Os estoques atuais estão 5 milhões de sacas abaixo da média, cobrindo apenas 18% da demanda anual, em comparação com 31% em outubro de 2022. A queda é parcialmente atribuída a uma redução de 17% nas importações de setembro de 2023 (3,5 milhões de sacas) e a uma menor relação estoque/uso.

Para o ano agrícola completo (de outubro a setembro), a UE importou 45,6 milhões de sacas, 7% a menos que o ciclo anterior. Apesar das importações mais baixas, os estoques caíram 40%, sugerindo que fatores além das importações contribuem, incluindo uma maior demanda da indústria.

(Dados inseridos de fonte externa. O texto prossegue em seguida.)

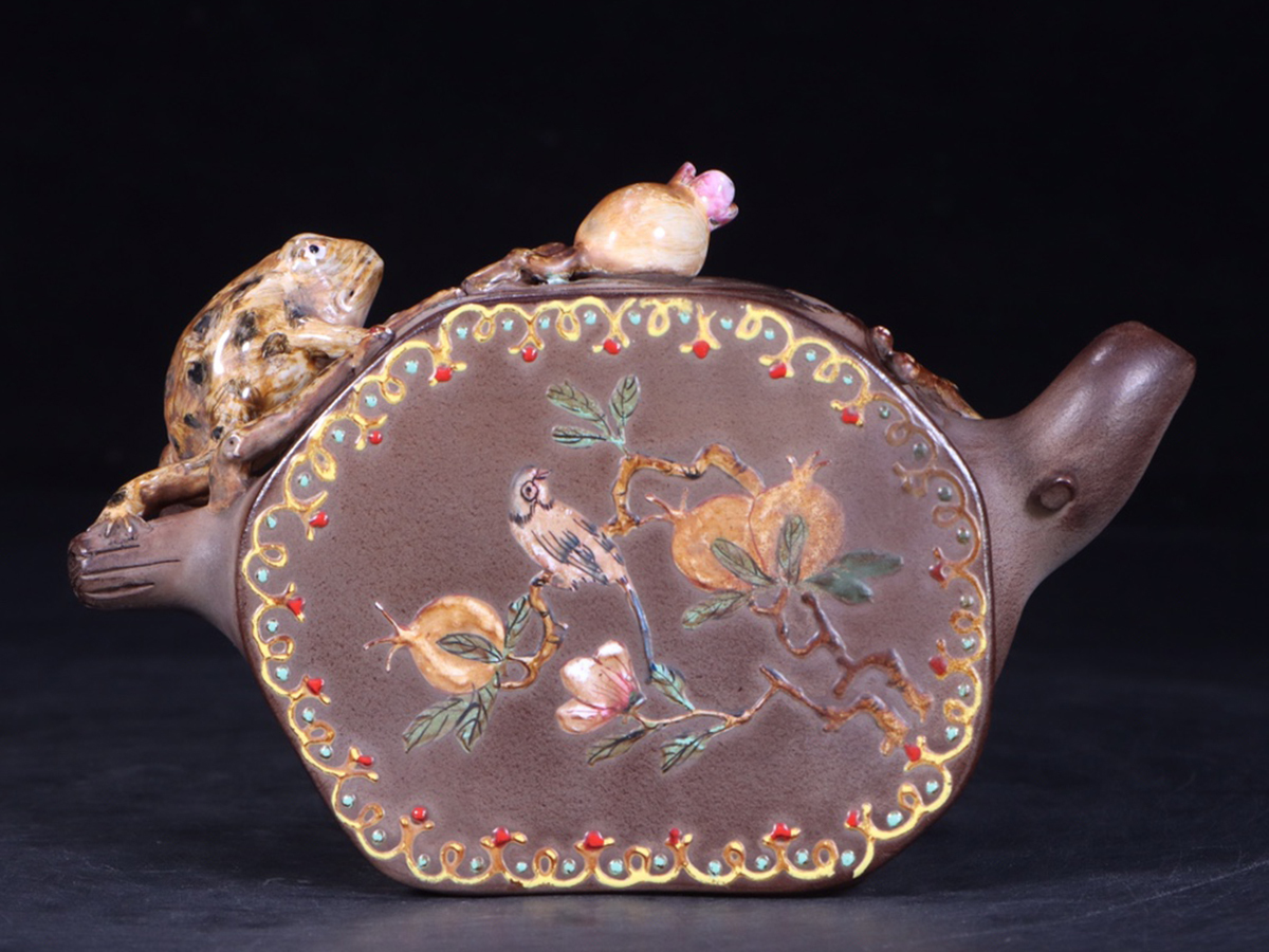 - ◆御泓軒◆『清時代 鳴遠銘 施彩 石榴蟾紋倣生型茶壺 宜興紫砂 常滑 朱泥急須 煎茶道具 茶壷』極細工・古賞物・中国古玩・中国古美術

A demanda dos torrefadores pode ser 5% maior do que as estimativas iniciais, atingindo 46,4 milhões de sacas. Além disso, dinâmicas internas, como regulamentações anti-desmatamento, também podem impactar o mercado de café na União Europeia.

Com o lançamento dos estoques de café europeus de setembro e outubro, os resultados do ciclo 22/23 estão finalmente disponíveis, e é uma oportunidade para revisar como a demanda se comportou na União Europeia – a fim de entender como esses indicadores podem se desenvolver no próximo ano.

Primeiro, segundo a hEDGEpoint Global Markets, ao analisar exclusivamente os dados de estoques, tanto os resultados de setembro quanto de outubro impressionam por suas mínimas históricas: os estoques estavam em 9,31M scs no primeiro e 8,44M scs no segundo (Gráfico #1) – o mais baixo desde dezembro de 2013, quando os dados estão disponíveis.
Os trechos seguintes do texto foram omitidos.